Designing a good skill

The first part of a skill is the description. This tells Claude when to load the skill and is important to get right. A good description has three parts: what it does, when to use it, and its key capabilities.

Skills also rely on progressive disclosure. The header is always loaded, the body loads when the skill looks relevant, and any linked files load only as needed. That keeps token use low while keeping the expertise available when it matters.

The better the description, the better the first iteration of the skill.

Below is an example of a good description that's specific, actionable and clearly specifies a trigger

A good description

Generates a weekly data quality report from Coalesce Quality and posts it to Slack. Use whenever the user asks for a "weekly data quality report," "Coalesce Quality weekly summary," "data health digest," even if they don't use those exact phrases. Covers open incidents, issues by severity, failing monitors, and affected entities over 7 days.

The two below are weaker starting points.

Descriptions that need work

"Create a weekly data quality report."

Says nothing about when to trigger or what it contains, and leaves too much up to interpretation about which metrics to use.

"Use list_incidents ... to create a weekly data quality report ..."

Too technical for a first draft. Claude captures a lot of this from a good natural-language description. Go back and edit the skill with the technical detail later.

When designing the core of a skill, you should start with the use case in mind and write instruction steps as you would to a colleague. This is where you should specify what the user wants to accomplish, what best practices should be encoded, and which specific tools from the MCPs should be used.

With this, you get repeatable results unlike ad hoc prompts which may generate new results each time.

Below is an example of what a good use case description looks like.

Use case
Weekly Data Quality Report
  1. Confirm the Slack channel and whether to review first or send directly
  2. Pull open incidents using the list_incidents api from Coalesce Quality (via MCP), separating new from stale
  3. Pull open issues and bucket them by severity
  4. Rank the top 5 issues by downstream impact
  5. Summarise execution runs into a headline pass rate, deduped by monitor
  6. Post a five-line summary to the channel with the detail in threaded replies
Result: Weekly data quality digest posted to the chosen channel, with empty sections kept visible

Below is an example of a complete skill designed with best practices in mind

Anatomy of a skill: a SKILL.md file with a trigger description, an ordered workflow, and a worked example
Fig 3.1 — An example skill for building a structured weekly data quality report. The description is a brief way to instruct Claude for when to use the skill without scanning the entire content.

Planning a skill suite

For data roles specifically, think of data skills as jobs to be done. These can be grouped into areas of responsibility such as data quality, data modeling, analytics, data governance, and each job category contains specific jobs.

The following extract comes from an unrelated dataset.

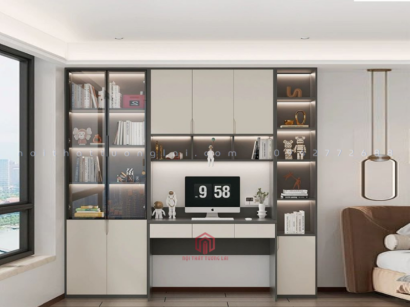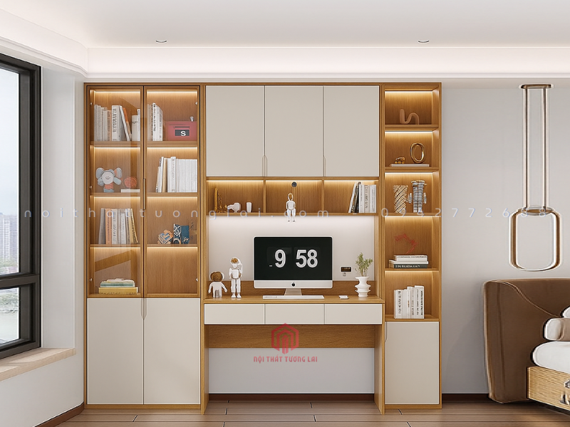 Hệ bàn học liền giá sách BH6872 là mẫu thiết kế cao cấp mang phong cách hiện đại, sang trọng và tinh tế. Sản phẩm được làm từ MDF cốt xanh chống ẩm, phủ melamine cao cấp chống trầy, dễ vệ sinh và bền màu theo thời gian. Thiết kế thông minh với hệ tủ kệ lớn, nhiều ngăn chứa, kết hợp cánh kính khung viền nhôm giúp không gian thêm đẳng cấp và tinh gọn. Bàn học được tích hợp khu vực làm việc tiện dụng, phù hợp cho cả học sinh, sinh viên và người đi làm. BH6872 giúp tối ưu không gian, đồng thời tạo điểm nhấn nổi bật cho phòng học hay phòng ngủ hiện đại.

This is powerful and for example lets us encode our testing philosophy as a skill so each time data engineers want to add new tests, they can do it with the add-tests-to-node skill that follows our standards.

A skill suite organised as folders — data-quality, data-modelling, governance, reporting — each holding job-specific skills
Fig 3.2 — Example skill suite for a data team.

As a rule of thumb, the more often you find yourself doing a workflow, and the more time it takes, the more likely it is to benefit from being converted into a skill.

Each skill is written with a description that helps Claude quickly navigate to the right one for the job. So when someone asks to "triage this issue," the model consistently points them to that skill and they get all the right context, instead of the model chaining LLM calls and reinventing the workflow each time. That's the benefit of building out a deliberate skill suite, and a good way to figure out which skills you should build.

Creating a real-world skill

The steps above – integrating MCPs, writing clear descriptions and use cases, and specifying the expected result can take some work to get right. Luckily, there are creative tools to help you get started. Claude's skill-creator is excellent for kickstarting the process, and only takes in a description. With this, you can iterate fast and finetune your skill so it produces the output you expect.

Back to the example of the data quality report, this is the result we ended up with.

A weekly data quality report posted as a Slack thread with headline counts and detail in the replies
Fig 3.3 — The weekly data quality report we ended up with, posted to Slack.

The process we went through to create this shows what an iterative process like this often looks like. Here are some considerations we had to give feedback on only after seeing the first version of the report.

  • What the structure of the report should look like. What happens when there are hundreds of errors
  • What counts as a data issue, all severities or only error
  • Whether it should be actionable, tagging owners, linking data products, and suggesting next steps.
  • Whether it posts directly or goes for review, which Slack channel and the fallback, and whether the window is adjustable, say monthly instead of weekly. The first version was too dense, so it moved to a brief summary with the evidence in the Slack thread.

Extending skills with other assets

You can extend skills with assets besides the main content of the skills.md file. This can be anything from specific scripts you want to execute as part of the skill to other references, templates, etc.

your-skill-name/
├── SKILL.md            # Required - main skill file
├── scripts/            # Optional - executable code
│   ├── process_data.py # Example
│   └── validate.sh     # Example
├── references/         # Optional - documentation
│   ├── api-guide.md    # Example
│   └── examples/       # Example
└── assets/             # Optional - templates, etc.
    └── report-template.md # Example

Evaluating our skill

In many cases eyeballing the results tells you how well a skill works. Sometimes it makes sense to be more systematic, through three lenses.

  • Does it trigger on the right requests (if you run 20 sample prompts that should trigger the skill, for how many of those is the skill actually triggered).
  • Does it produce what we expect it to (are all elements there, does it look like we expected)
  • How does it handle edge cases (what if there's more than 20 errors, what if there's no owner set).

Claude's skill-creator comes with baked in testing. You shouldn't 100% use this as a replacement for manually testing it yourself, but it can give you a more systemic way of assessing skill quality, especially as you start growing your library of skills.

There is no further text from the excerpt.